** Work item **
Copy out the listing that follows exactly, dropping every picture.

** Given data **
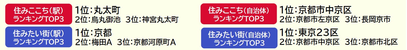 •「住みたい街(駅)ランキング」は、京都府居住者の2023年の回答を関西内の駅を対象にしてランキングを集計しています。「住みたい街(自治体)ランキング」は、京都府居住者の2023年回答を全国の自治体を対象にしてランキングを集計しています。
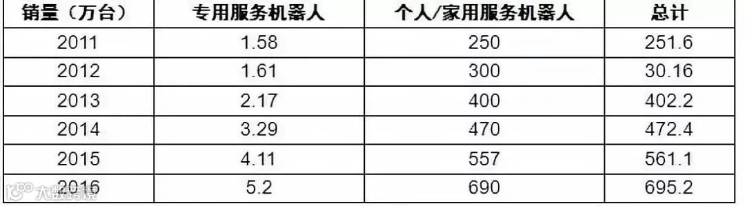 2016年,全球专业服务机器人的销量是5.2万台,个人/家用服务机器人的销量达到690万台,全球服务机器人销量达到695.2万台。
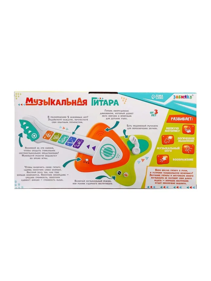 Сенсорная гитара помогает тренировать координацию движений, музыкальный слух и чувство ритма. Яркий дизайн и простота управления делают игрушку отличным подарком для малышей от 3 лет.

** Written answer **
 •「住みたい街(駅)ランキング」は、京都府居住者の2023年の回答を関西内の駅を対象にしてランキングを集計しています。「住みたい街(自治体)ランキング」は、京都府居住者の2023年回答を全国の自治体を対象にしてランキングを集計しています。
 2016年,全球专业服务机器人的销量是5.2万台,个人/家用服务机器人的销量达到690万台,全球服务机器人销量达到695.2万台。
 Сенсорная гитара помогает тренировать координацию движений, музыкальный слух и чувство ритма. Яркий дизайн и простота управления делают игрушку отличным подарком для малышей от 3 лет.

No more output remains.